Data acquisition and preprocessing

“Micromed” encephalograph (Micromed S.p.A., Italy) was used for EEG recording. EEG signals were recorded with 25 channels according to the international “10–20” system with a ground electrode placed on the forehead and reference electrodes placed at the ears. EEG signals were recorded with a sampling rate of 128 Hz. The video monitoring system was used to monitor patients’ states for easier data analysis and segmentation. Experimental EEG data and video recordings were examined and deciphered by an experienced neurophysiologist. This analysis resulted in the marking that includes information on episodes of epileptic seizures and physiological tests.

EEG signals are known to be highly susceptible to the influence of various external and internal noises, especially during prolonged recording25. In clinical monitoring, external noises usually come from hardware-related problems (poor contact of EEG electrodes, loose wires), power network, cellphone calls, etc. Internal noises (or physiological artifacts) originate from physiological processes such as heartbeat, blinking, or breathing26. The basic way to deal with noises and artifacts on EEG is the data filtration: a high-pass filter is used to restrain the low-frequency components (stray effects, cardiac rhythm, breathing artifacts), while a low-pass filter deals with the high-frequency activity, commonly associated with the muscle artifacts. In our study, we used the band-pass filter with the cutoff frequencies of 1 Hz and 60 Hz and the 50-Hz notch filter.

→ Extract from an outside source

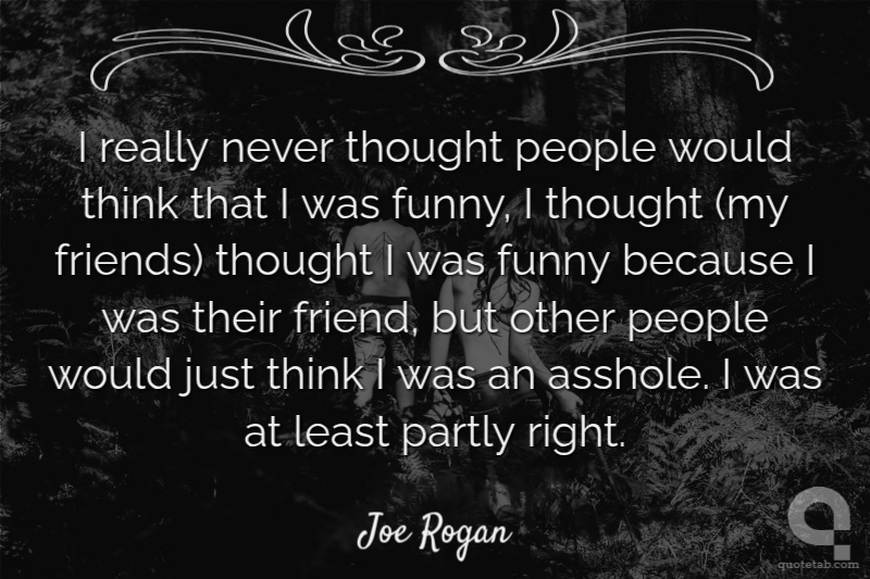 I really never thought people would think that I was funny, I thought (my friends) thought I was funny because I was their friend, but other people would just think I was an asshole. I was at least partly right.
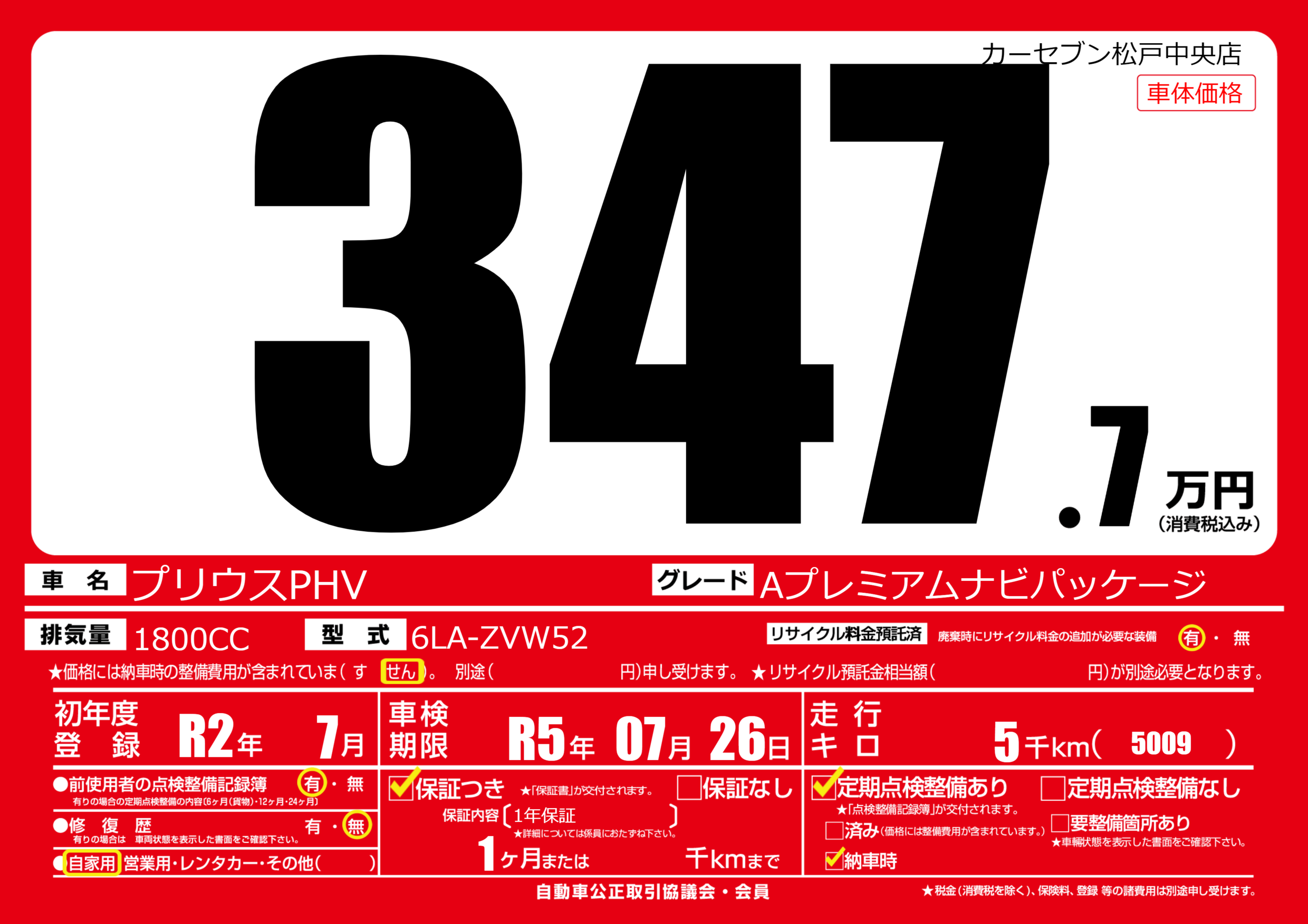 | 車名 | プリウスPHV | グレード ミッション 排気量 |

We considered the frequency band 1–30 Hz, which is commonly regarded as an effective frequency range of epileptic EEG. However, some undesired activity (e.g., eye-movement artifacts) can interfere with the EEG activity in this range. We used the standard procedure based on an independent component analysis (ICA) to remove these artifacts27.

Time-frequency analysis

We performed a time-frequency analysis of EEG signals using continuous wavelet transform (CWT) with Morlet mother wavelet function28. CWT has proved itself as a powerful instrument in the analysis of complex nonstationary signals in systems of different nature, including biological ones29. We considered wavelet power (WP):

$$\begin{aligned} W_n(f,t)=|w_n(f,t)|, \end{aligned}$$
(1)

where n = 1, 2...N is the number of EEG channel (\(N = 25\) for the considered dataset), f and t are the frequency and time point, \(w_n(f,t)\) are the coefficients of CWT. WP is one of the common CWT-based characteristics to describe the time-frequency structure of a signal30.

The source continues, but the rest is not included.